[Recorded information]
____________________

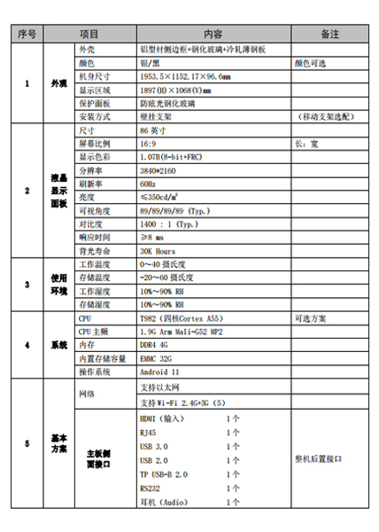 2. 智能交互平板均采用超高清真 4K 画质,显示更加清晰,画面刷新率为 60~120Hz。
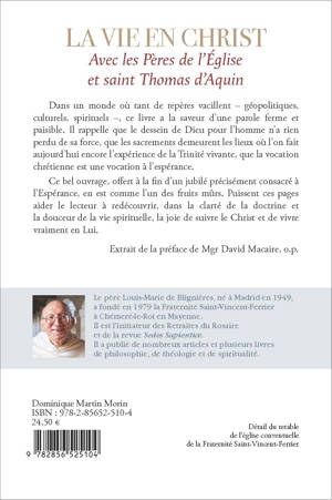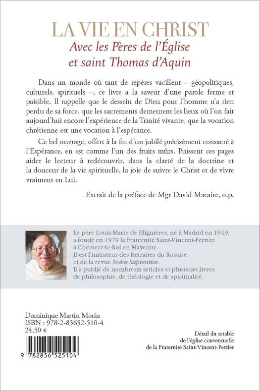Suivant l'ordre des sacrements de l'initiation chrétienne – baptême, confirmation, eucharistie –, l'auteur nous conduit à travers un itinéraire spirituel cohérent, profondément enraciné dans l'enseignement des Pères de l'Église et de saint Thomas d'Aquin. Soulignant la dimension spirituelle et mystique des sacrements, avec un vocabulaire simple, précis et efficace, le texte est aussi un enchaînement de petits paragraphes au titre très éclairant, ayant chacun sa cohérence propre et traitant d'un point précis. Le lecteur pourra donc aussi picorer çà et là avec profit. Dans un monde où tant de repères vacillent – géopolitiques, culturels, spirituels –, ce livre a la saveur d'une parole ferme et paisible. Il rappelle que le dessein de Dieu pour l'homme n'a rien perdu de sa force, que la vocation chrétienne est une vocation à l'espérance. Puissent ces pages aider le lecteur à redécouvrir, dans la clarté de la doctrine, la joie de suivre le Christ et de vivre vraiment en Lui.
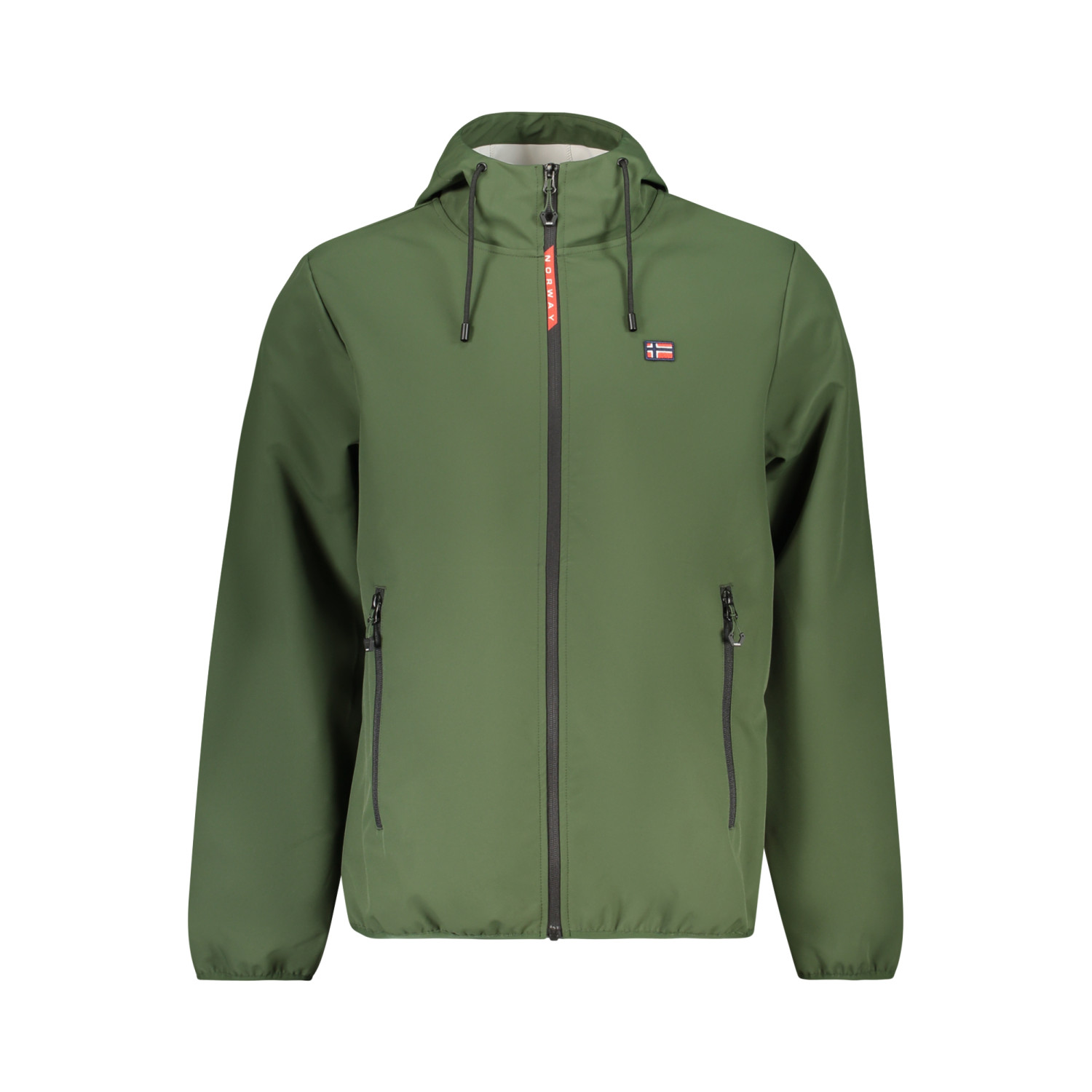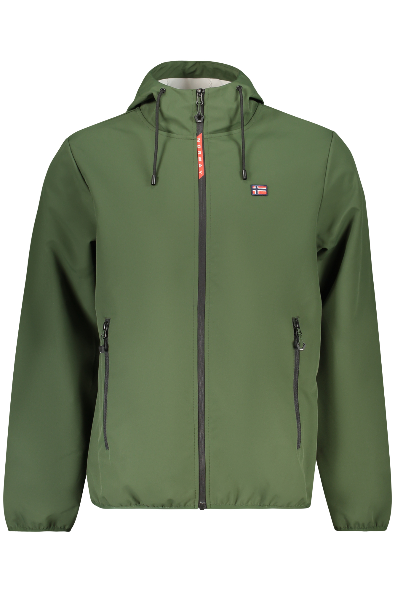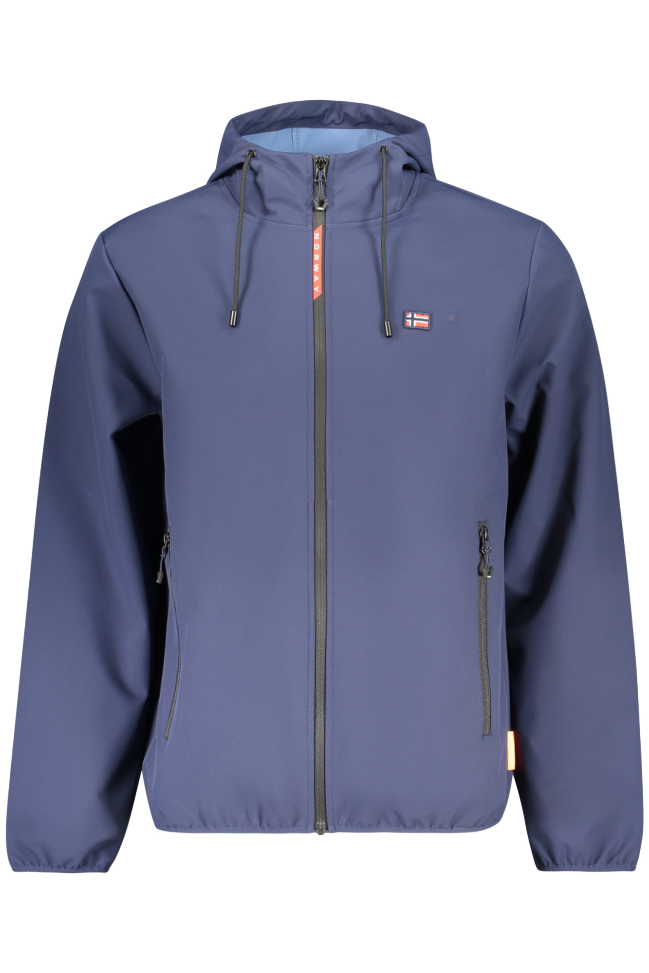 GIUBBOTTO SOFT SHELL MANICHE LUNGHE CON CAPPUCCIO, 2 TASCHE ESTERNE, 2 TASCHE INTERNE, DETTAGLI A CONTRASTO, ZIP, APPLICAZIONE, LOGO

____________________

[Task prompt]
All of the material must be given again exactly, though no picture may appear in the copy.

[Response box]
 2. 智能交互平板均采用超高清真 4K 画质,显示更加清晰,画面刷新率为 60~120Hz。
Suivant l'ordre des sacrements de l'initiation chrétienne – baptême, confirmation, eucharistie –, l'auteur nous conduit à travers un itinéraire spirituel cohérent, profondément enraciné dans l'enseignement des Pères de l'Église et de saint Thomas d'Aquin. Soulignant la dimension spirituelle et mystique des sacrements, avec un vocabulaire simple, précis et efficace, le texte est aussi un enchaînement de petits paragraphes au titre très éclairant, ayant chacun sa cohérence propre et traitant d'un point précis. Le lecteur pourra donc aussi picorer çà et là avec profit. Dans un monde où tant de repères vacillent – géopolitiques, culturels, spirituels –, ce livre a la saveur d'une parole ferme et paisible. Il rappelle que le dessein de Dieu pour l'homme n'a rien perdu de sa force, que la vocation chrétienne est une vocation à l'espérance. Puissent ces pages aider le lecteur à redécouvrir, dans la clarté de la doctrine, la joie de suivre le Christ et de vivre vraiment en Lui.
 GIUBBOTTO SOFT SHELL MANICHE LUNGHE CON CAPPUCCIO, 2 TASCHE ESTERNE, 2 TASCHE INTERNE, DETTAGLI A CONTRASTO, ZIP, APPLICAZIONE, LOGO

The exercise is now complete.